Source data
──────────

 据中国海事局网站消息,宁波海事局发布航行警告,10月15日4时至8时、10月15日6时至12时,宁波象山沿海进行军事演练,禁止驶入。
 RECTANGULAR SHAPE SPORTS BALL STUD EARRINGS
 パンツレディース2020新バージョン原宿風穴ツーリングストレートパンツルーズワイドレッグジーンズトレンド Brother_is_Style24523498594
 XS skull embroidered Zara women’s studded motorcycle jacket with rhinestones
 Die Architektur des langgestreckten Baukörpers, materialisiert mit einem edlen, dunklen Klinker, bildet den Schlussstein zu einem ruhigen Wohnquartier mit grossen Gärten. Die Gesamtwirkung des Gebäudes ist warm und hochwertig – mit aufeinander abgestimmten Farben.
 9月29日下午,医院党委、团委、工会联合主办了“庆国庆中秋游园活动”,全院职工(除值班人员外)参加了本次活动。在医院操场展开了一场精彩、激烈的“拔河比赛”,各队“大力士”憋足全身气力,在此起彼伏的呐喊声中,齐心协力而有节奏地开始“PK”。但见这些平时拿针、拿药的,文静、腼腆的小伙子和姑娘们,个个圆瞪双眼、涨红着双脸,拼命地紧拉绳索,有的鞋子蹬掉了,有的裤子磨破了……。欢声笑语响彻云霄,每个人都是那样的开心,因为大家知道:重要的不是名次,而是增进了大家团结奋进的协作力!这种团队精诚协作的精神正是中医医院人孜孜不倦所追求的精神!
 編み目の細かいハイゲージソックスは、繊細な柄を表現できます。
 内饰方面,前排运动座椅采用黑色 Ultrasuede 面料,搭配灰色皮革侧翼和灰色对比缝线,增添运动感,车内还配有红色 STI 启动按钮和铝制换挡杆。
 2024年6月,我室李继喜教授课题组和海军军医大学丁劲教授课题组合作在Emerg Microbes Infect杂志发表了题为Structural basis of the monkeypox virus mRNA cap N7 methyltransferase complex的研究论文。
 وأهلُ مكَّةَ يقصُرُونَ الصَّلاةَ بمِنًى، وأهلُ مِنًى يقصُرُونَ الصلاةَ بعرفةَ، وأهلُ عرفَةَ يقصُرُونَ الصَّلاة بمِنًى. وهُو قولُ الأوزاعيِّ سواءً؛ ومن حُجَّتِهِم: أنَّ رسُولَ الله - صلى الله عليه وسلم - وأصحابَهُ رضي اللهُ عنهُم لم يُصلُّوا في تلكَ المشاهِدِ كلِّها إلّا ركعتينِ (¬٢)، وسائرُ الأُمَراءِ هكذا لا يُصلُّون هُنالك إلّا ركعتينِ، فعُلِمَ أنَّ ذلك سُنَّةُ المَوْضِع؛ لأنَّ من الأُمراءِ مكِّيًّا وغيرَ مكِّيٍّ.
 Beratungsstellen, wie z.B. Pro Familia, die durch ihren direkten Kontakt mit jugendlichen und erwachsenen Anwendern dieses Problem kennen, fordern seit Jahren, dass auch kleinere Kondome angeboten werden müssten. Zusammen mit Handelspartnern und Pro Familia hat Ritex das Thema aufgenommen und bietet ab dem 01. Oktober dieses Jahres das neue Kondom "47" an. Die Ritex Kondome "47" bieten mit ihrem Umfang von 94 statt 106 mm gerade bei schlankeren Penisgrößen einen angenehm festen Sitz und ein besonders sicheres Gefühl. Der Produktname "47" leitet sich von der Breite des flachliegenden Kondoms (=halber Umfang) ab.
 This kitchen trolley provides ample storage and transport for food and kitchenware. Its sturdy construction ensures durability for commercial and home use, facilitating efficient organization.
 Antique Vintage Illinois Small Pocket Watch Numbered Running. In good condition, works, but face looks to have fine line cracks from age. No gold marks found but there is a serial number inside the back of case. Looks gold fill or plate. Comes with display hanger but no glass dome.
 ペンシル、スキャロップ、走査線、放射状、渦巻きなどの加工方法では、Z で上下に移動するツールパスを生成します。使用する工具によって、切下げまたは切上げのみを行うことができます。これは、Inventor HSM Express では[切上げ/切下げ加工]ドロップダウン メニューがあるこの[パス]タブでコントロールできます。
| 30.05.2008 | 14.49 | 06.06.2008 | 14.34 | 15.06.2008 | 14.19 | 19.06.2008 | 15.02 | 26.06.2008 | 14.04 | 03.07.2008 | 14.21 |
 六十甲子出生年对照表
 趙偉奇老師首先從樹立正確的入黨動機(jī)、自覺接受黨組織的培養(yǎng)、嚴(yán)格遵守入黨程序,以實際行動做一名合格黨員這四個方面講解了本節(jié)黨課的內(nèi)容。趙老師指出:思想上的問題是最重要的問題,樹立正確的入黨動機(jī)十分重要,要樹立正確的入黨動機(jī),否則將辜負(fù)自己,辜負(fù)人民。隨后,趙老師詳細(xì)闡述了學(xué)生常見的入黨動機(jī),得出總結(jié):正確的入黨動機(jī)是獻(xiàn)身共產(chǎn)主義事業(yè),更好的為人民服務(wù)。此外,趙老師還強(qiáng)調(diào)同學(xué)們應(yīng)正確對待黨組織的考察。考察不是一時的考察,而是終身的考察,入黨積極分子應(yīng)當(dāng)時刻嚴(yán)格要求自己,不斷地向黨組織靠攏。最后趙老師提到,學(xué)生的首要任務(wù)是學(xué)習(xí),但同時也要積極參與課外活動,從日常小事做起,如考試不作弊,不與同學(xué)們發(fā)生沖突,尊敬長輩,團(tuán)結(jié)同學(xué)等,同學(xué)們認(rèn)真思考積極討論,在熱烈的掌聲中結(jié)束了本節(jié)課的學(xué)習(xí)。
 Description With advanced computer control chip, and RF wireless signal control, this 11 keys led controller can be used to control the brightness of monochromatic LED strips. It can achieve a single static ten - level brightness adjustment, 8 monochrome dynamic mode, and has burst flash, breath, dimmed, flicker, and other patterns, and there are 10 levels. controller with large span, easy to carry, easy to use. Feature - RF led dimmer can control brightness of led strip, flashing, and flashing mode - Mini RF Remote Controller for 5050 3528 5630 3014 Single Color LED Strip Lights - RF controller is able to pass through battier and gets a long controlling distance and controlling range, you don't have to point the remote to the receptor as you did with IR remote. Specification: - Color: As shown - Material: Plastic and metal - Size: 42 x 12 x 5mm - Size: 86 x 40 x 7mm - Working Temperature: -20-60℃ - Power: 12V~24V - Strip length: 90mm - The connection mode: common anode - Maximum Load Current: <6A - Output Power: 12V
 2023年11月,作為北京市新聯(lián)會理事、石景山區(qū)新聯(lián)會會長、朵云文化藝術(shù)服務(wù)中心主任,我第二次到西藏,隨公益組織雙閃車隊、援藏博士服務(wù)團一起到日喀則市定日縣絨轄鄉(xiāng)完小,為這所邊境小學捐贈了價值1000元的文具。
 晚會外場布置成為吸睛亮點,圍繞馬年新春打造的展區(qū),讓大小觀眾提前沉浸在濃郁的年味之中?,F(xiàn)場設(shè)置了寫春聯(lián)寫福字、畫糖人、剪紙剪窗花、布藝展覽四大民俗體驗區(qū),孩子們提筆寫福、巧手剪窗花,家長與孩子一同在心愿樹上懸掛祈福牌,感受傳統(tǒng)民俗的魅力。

──────────

> _Exercise objective_
All that belongs in the answer is the run of lines above from the line containing "パンツレディース2020新バ" through the line containing "Die Architektur des", exactly as written.

> _Answer to this exercise_
 パンツレディース2020新バージョン原宿風穴ツーリングストレートパンツルーズワイドレッグジーンズトレンド Brother_is_Style24523498594
 XS skull embroidered Zara women’s studded motorcycle jacket with rhinestones
 Die Architektur des langgestreckten Baukörpers, materialisiert mit einem edlen, dunklen Klinker, bildet den Schlussstein zu einem ruhigen Wohnquartier mit grossen Gärten. Die Gesamtwirkung des Gebäudes ist warm und hochwertig – mit aufeinander abgestimmten Farben.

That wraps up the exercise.